BEGIN Data for the task

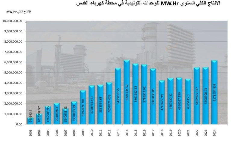 معدلات إنتاج غير مسبوقة ، وأرقام استثنائية ، وتوليد يسجل لأول مرة بتأريخ المحطة ، تحققه الملاكات العاملة بمحطة توليد كهرباء القدس الغازية خلال عام ٢٠٢٤
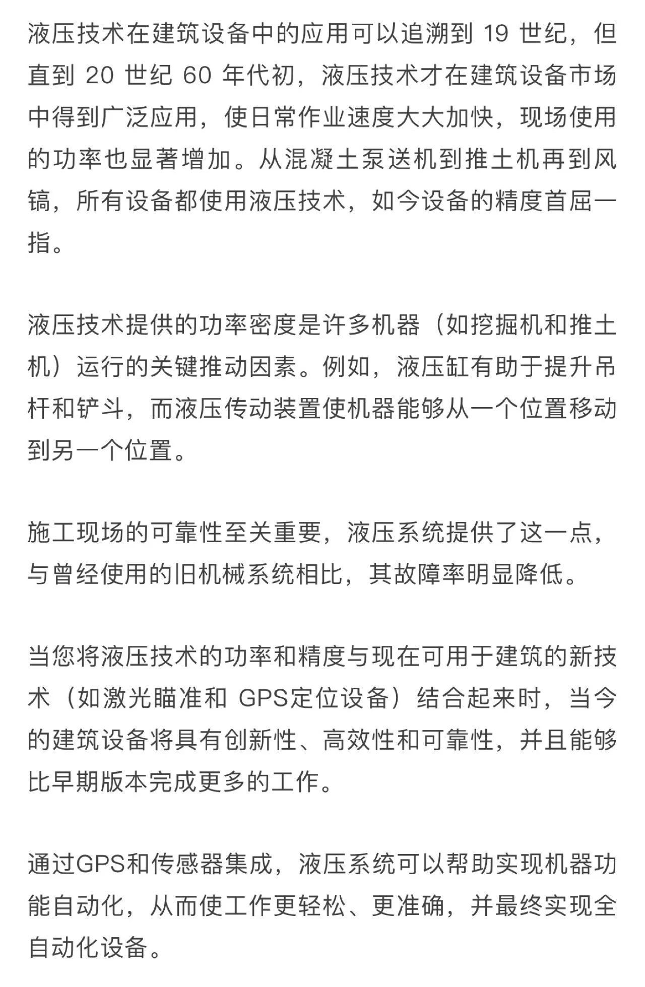 施工依賴于液壓系統(tǒng)的功率密度
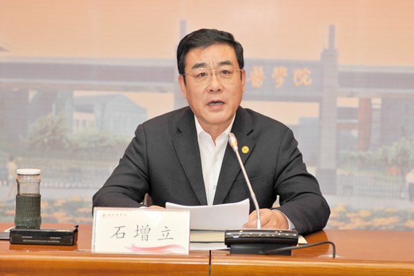 最后,石增立提出要求,2016年是学校“十三五”开局之年,改革发展任务艰巨,形势十分紧迫,要完成好各项工作,一要加强宣传,真正发挥导向作用,营造良好舆论氛围;二要加大干部人事制度改革力度;三要抓好党的建设,以基层党组织建设为抓手,坚持从严治党,严肃调整、纠正、摒弃不适应学校改革发展的观念和做法;四是提高工作标准,以新的思想观念,新的工作面貌,切实增强使命意识、责任意识和危机意识,以创建大学的高标准,聚焦工作任务精准发力,把具有标志性、引领性、支柱性的改革任务抓紧、抓牢、抓到底,谋实事,讲实话,出实招,求实效,确保圆满完成全年既定目标任务,卓有成效地推进学校各项事业科学发展。
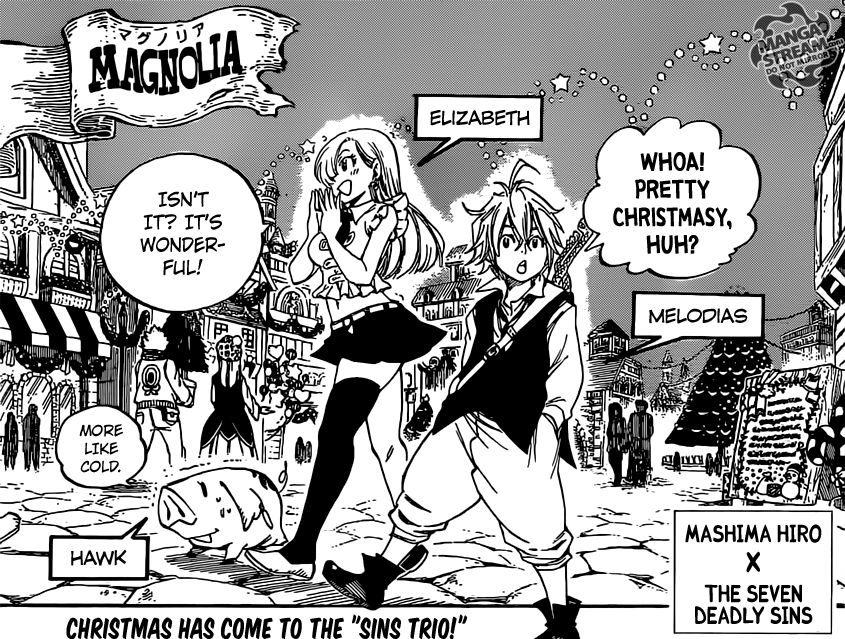 Melodias Elizabeth and Hawk in Magnolia Published on December 27, 2013 in Fairy Tail and Seven Deadly Sins Christmas Manga SpecialFull resolution (845 × 639) < Previous Next >
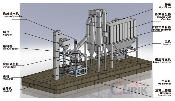 超細磨粉機生產線通常有錘式破碎機、斗式提升機、儲料倉、震動給料機、微粉磨主機、變頻分級機、雙聯旋風集粉器、脈沖除塵系統、高壓風機、空氣壓縮機、電器控制系統等組成。大塊物料經錘式破碎機破碎成適合超細磨粉機工作的進料粒度(20mm左右),然后通過調節磨粉機分析機的轉速,達到適合生產要求的細度,經過人工包裝成袋,也可以根據需要配置自動微粉打包機及選用不同型號的磨粉機。
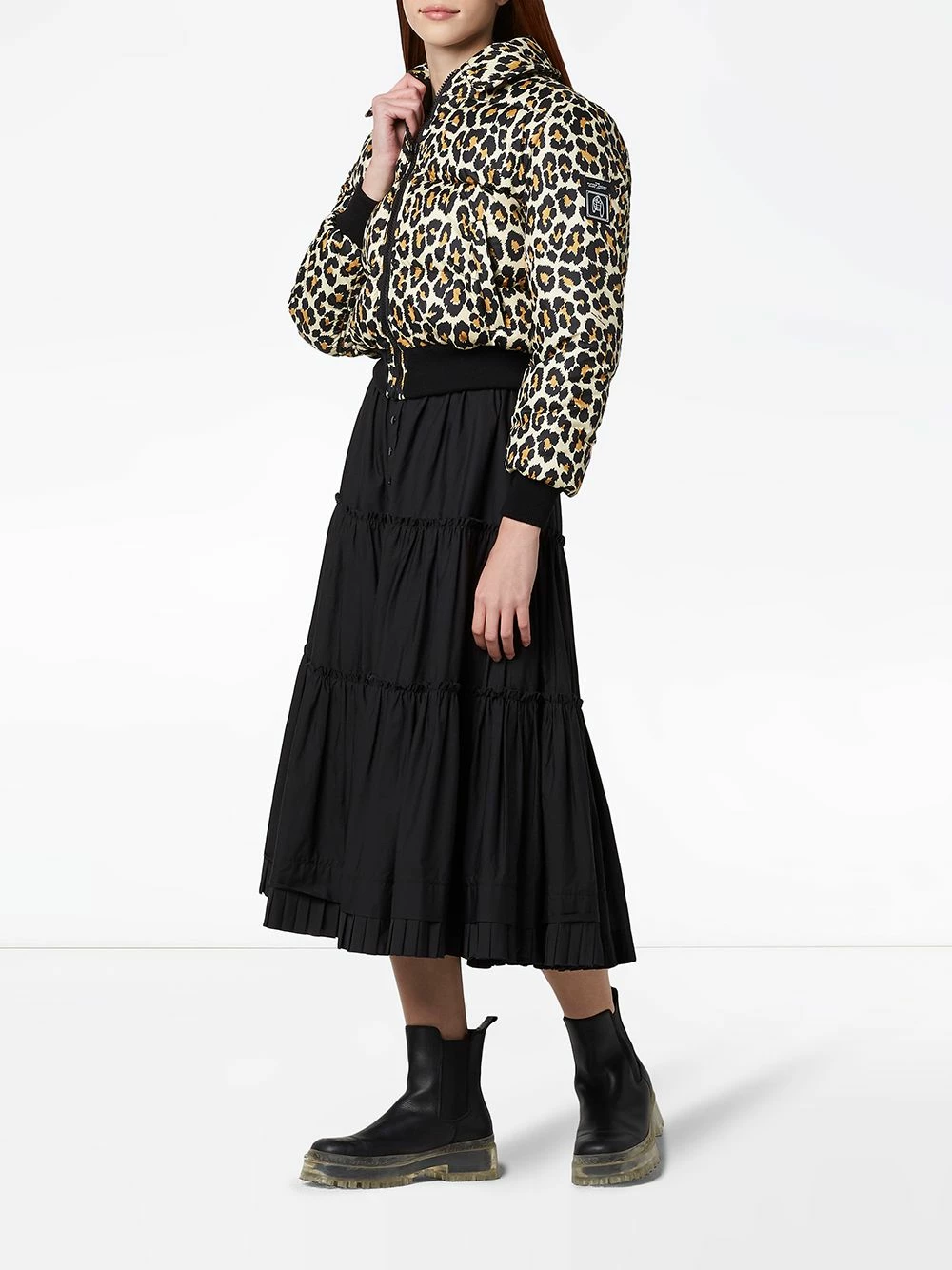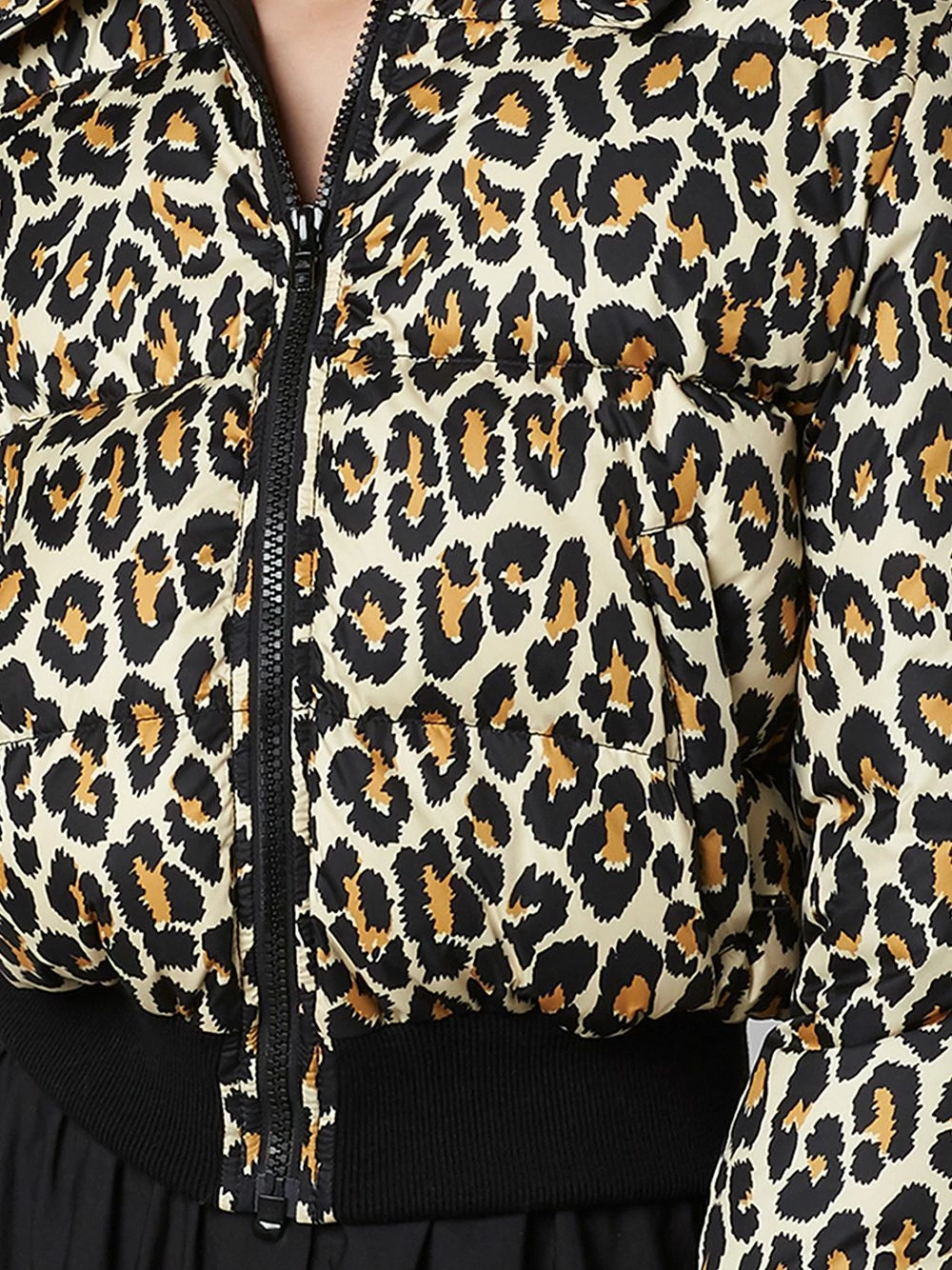 Design matelassé, imprimé léopard, détail nervuré, fermeture zippée devant, manches longues, deux poches passepoilées avant. Couleur : marron.
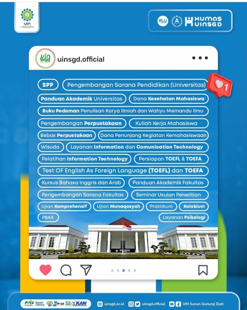 (UINSGD.AC.ID) — Sejak tahun 2014, UIN Sunan Gunung Djati Bandung menerapkan sistem Uang Kuliah Tunggal (UKT) berdasarkan Peraturan Menteri Agama Nomor 96 Tahun 2013.
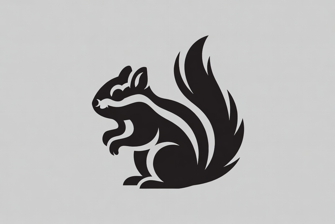 A black silhouette illustration of a chipmunk stands on a light gray background. The design features bold outlines with white stripes on the body and a large bushy tail. It is depicted in a side profile, facing right with detailed paws and facial features.
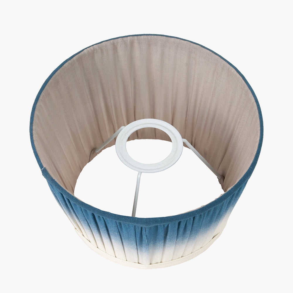 Our on trend blue ombre shade is the definition of style. The hand mushroom pleated shade will add a depth and texture to your interior and will look fantastic on a multitude of lamp bases. The 35cm shade is in a tapered profile and creates a modern and clean look with pop of colour. Some larger shades within this range feature a reversible gimbal, suitable for table, floor, or ceiling use. Contact our Customer Support Team to confirm sizing and availability
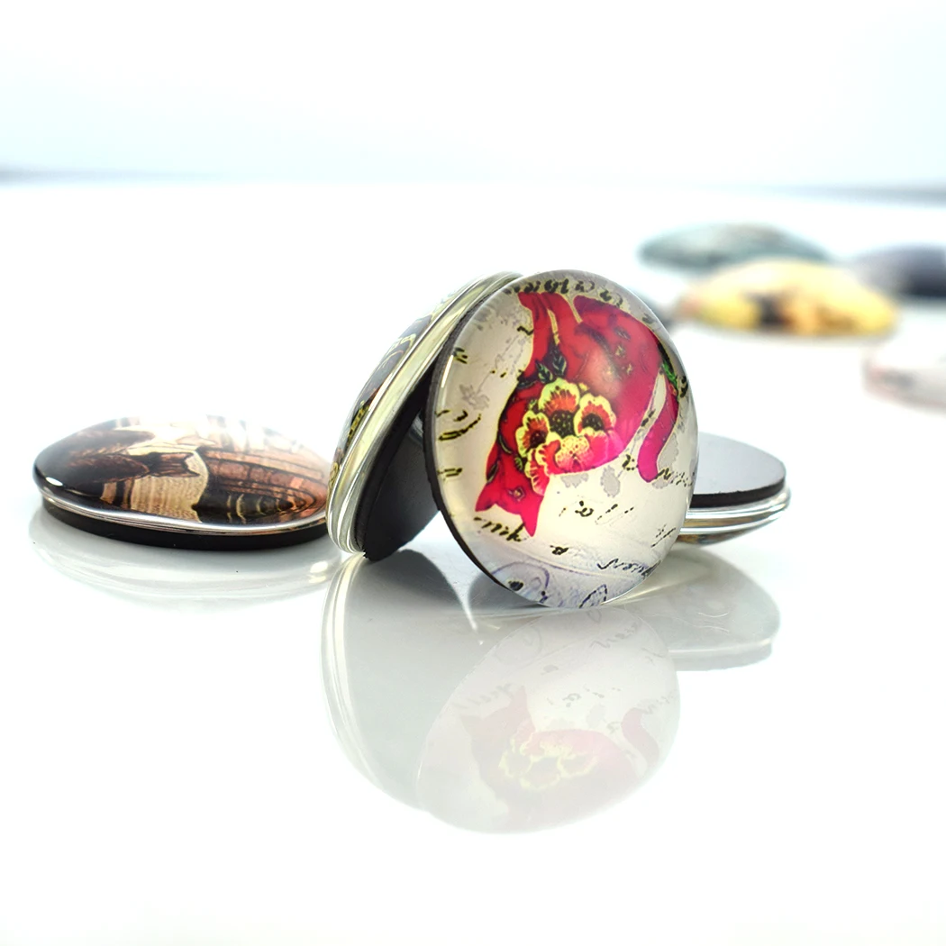 Диаметр 30 мм: мини и мило, легко носить с собой.Переднее стекло: яркое и красивое. Уникальное украшение.Задняя Магнитная сторона: легко снимается, никаких следов. Простой в использовании, может использоваться Магнитная доступная плоскость.
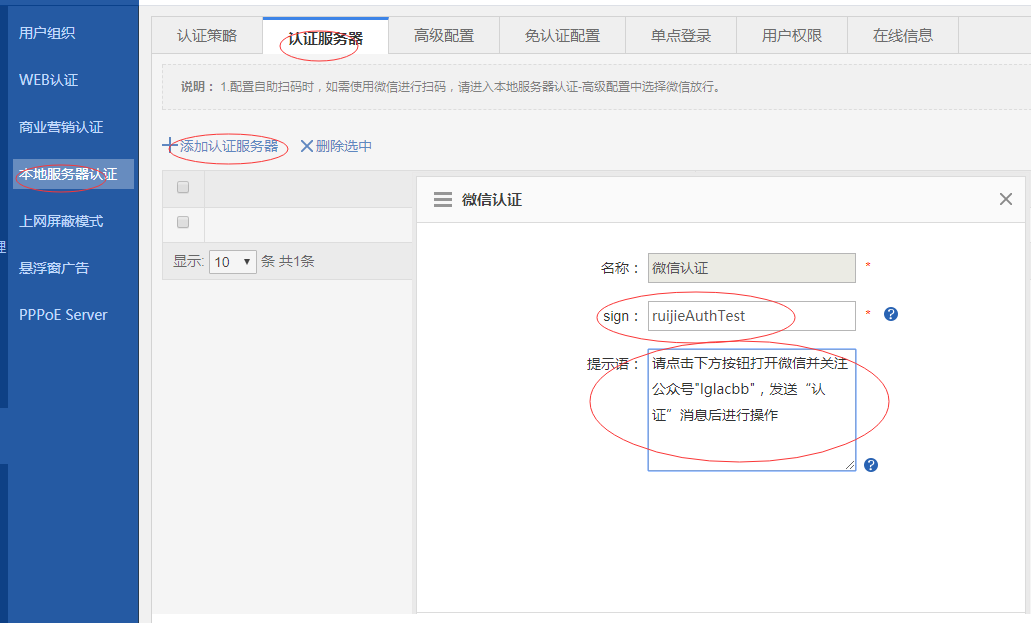 • 进入WEB界面后,在用户-->本地服务器认证--->认证服务器中添加微信认证,

END Data for the task

Required action >> Write every line of the data out again exactly, leaving out all images.

Result of this exercise >>
 معدلات إنتاج غير مسبوقة ، وأرقام استثنائية ، وتوليد يسجل لأول مرة بتأريخ المحطة ، تحققه الملاكات العاملة بمحطة توليد كهرباء القدس الغازية خلال عام ٢٠٢٤
 施工依賴于液壓系統(tǒng)的功率密度
 最后,石增立提出要求,2016年是学校“十三五”开局之年,改革发展任务艰巨,形势十分紧迫,要完成好各项工作,一要加强宣传,真正发挥导向作用,营造良好舆论氛围;二要加大干部人事制度改革力度;三要抓好党的建设,以基层党组织建设为抓手,坚持从严治党,严肃调整、纠正、摒弃不适应学校改革发展的观念和做法;四是提高工作标准,以新的思想观念,新的工作面貌,切实增强使命意识、责任意识和危机意识,以创建大学的高标准,聚焦工作任务精准发力,把具有标志性、引领性、支柱性的改革任务抓紧、抓牢、抓到底,谋实事,讲实话,出实招,求实效,确保圆满完成全年既定目标任务,卓有成效地推进学校各项事业科学发展。
 Melodias Elizabeth and Hawk in Magnolia Published on December 27, 2013 in Fairy Tail and Seven Deadly Sins Christmas Manga SpecialFull resolution (845 × 639) < Previous Next >
 超細磨粉機生產線通常有錘式破碎機、斗式提升機、儲料倉、震動給料機、微粉磨主機、變頻分級機、雙聯旋風集粉器、脈沖除塵系統、高壓風機、空氣壓縮機、電器控制系統等組成。大塊物料經錘式破碎機破碎成適合超細磨粉機工作的進料粒度(20mm左右),然后通過調節磨粉機分析機的轉速,達到適合生產要求的細度,經過人工包裝成袋,也可以根據需要配置自動微粉打包機及選用不同型號的磨粉機。
 Design matelassé, imprimé léopard, détail nervuré, fermeture zippée devant, manches longues, deux poches passepoilées avant. Couleur : marron.
 (UINSGD.AC.ID) — Sejak tahun 2014, UIN Sunan Gunung Djati Bandung menerapkan sistem Uang Kuliah Tunggal (UKT) berdasarkan Peraturan Menteri Agama Nomor 96 Tahun 2013.
 A black silhouette illustration of a chipmunk stands on a light gray background. The design features bold outlines with white stripes on the body and a large bushy tail. It is depicted in a side profile, facing right with detailed paws and facial features.
 Our on trend blue ombre shade is the definition of style. The hand mushroom pleated shade will add a depth and texture to your interior and will look fantastic on a multitude of lamp bases. The 35cm shade is in a tapered profile and creates a modern and clean look with pop of colour. Some larger shades within this range feature a reversible gimbal, suitable for table, floor, or ceiling use. Contact our Customer Support Team to confirm sizing and availability
 Диаметр 30 мм: мини и мило, легко носить с собой.Переднее стекло: яркое и красивое. Уникальное украшение.Задняя Магнитная сторона: легко снимается, никаких следов. Простой в использовании, может использоваться Магнитная доступная плоскость.
 • 进入WEB界面后,在用户-->本地服务器认证--->认证服务器中添加微信认证,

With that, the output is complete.